WHAT YOU NEED TO DO — Repeat the span of the entries below that starts at the line with "Адрес местонахождения образовательной" and ends at the line with "Полотенцесушитель электрический Domoterm", nothing more. Skip the pictures.

MATERIAL PROVIDED —
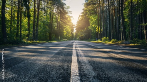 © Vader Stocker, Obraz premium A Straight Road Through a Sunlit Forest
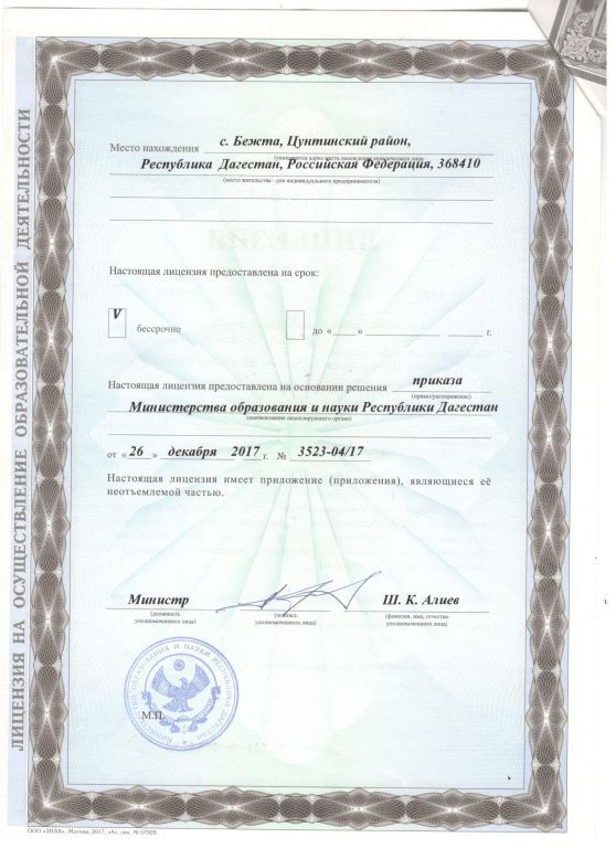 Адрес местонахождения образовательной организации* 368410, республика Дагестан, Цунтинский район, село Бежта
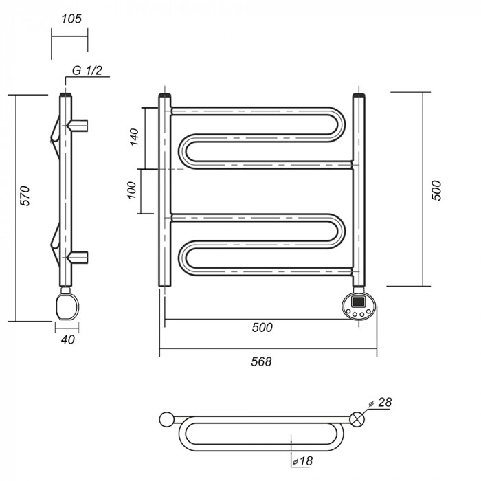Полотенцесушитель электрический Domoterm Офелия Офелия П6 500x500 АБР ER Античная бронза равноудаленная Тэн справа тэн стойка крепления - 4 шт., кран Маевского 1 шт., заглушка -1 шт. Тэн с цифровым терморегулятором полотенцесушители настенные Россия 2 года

--

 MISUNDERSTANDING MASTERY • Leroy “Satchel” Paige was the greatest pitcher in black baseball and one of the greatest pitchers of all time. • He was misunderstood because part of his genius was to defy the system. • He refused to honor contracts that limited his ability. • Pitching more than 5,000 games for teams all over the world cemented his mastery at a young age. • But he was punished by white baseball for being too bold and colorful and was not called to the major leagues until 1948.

==

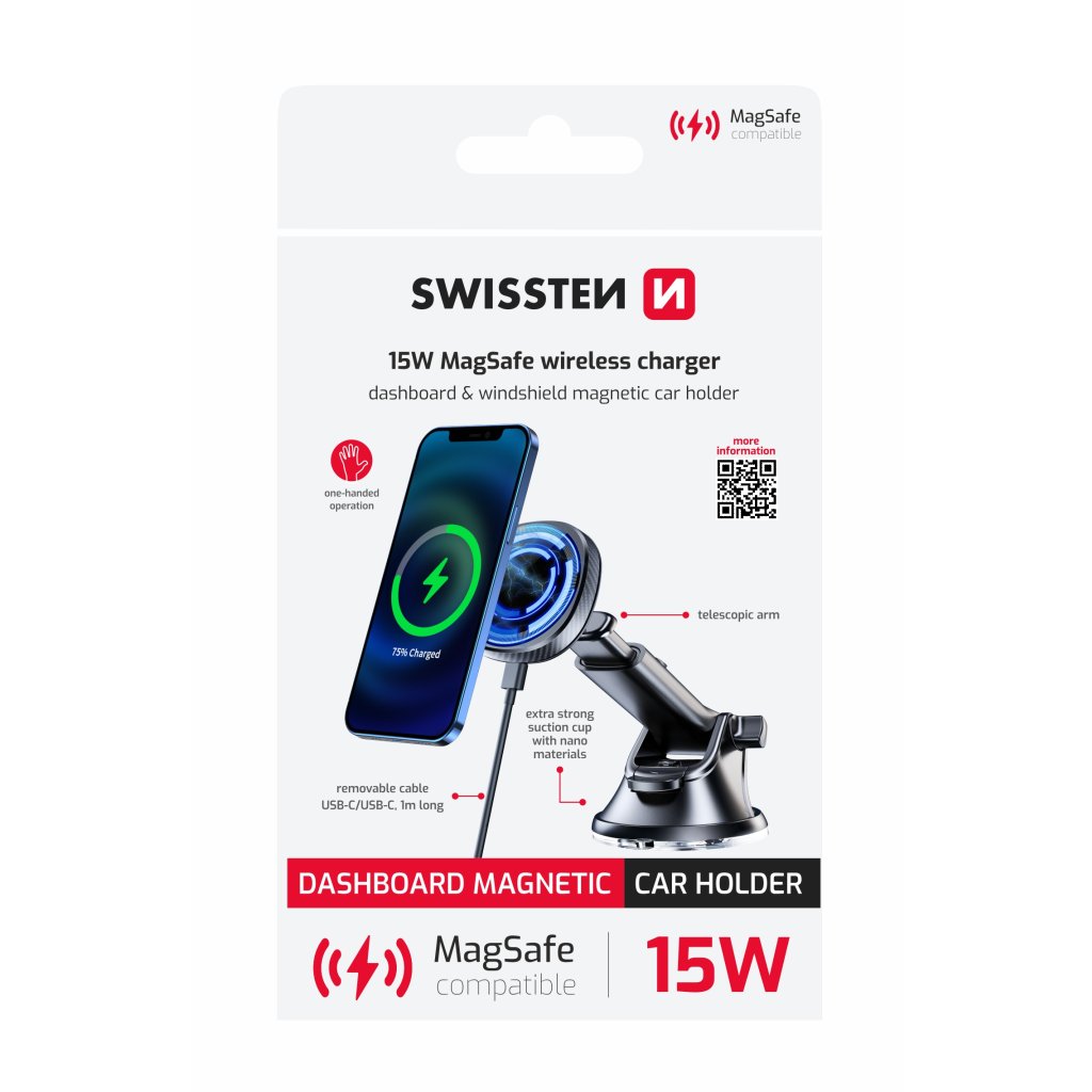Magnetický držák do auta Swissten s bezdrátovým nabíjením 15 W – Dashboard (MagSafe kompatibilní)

ANSWER BOX —
 Адрес местонахождения образовательной организации* 368410, республика Дагестан, Цунтинский район, село Бежта
Полотенцесушитель электрический Domoterm Офелия Офелия П6 500x500 АБР ER Античная бронза равноудаленная Тэн справа тэн стойка крепления - 4 шт., кран Маевского 1 шт., заглушка -1 шт. Тэн с цифровым терморегулятором полотенцесушители настенные Россия 2 года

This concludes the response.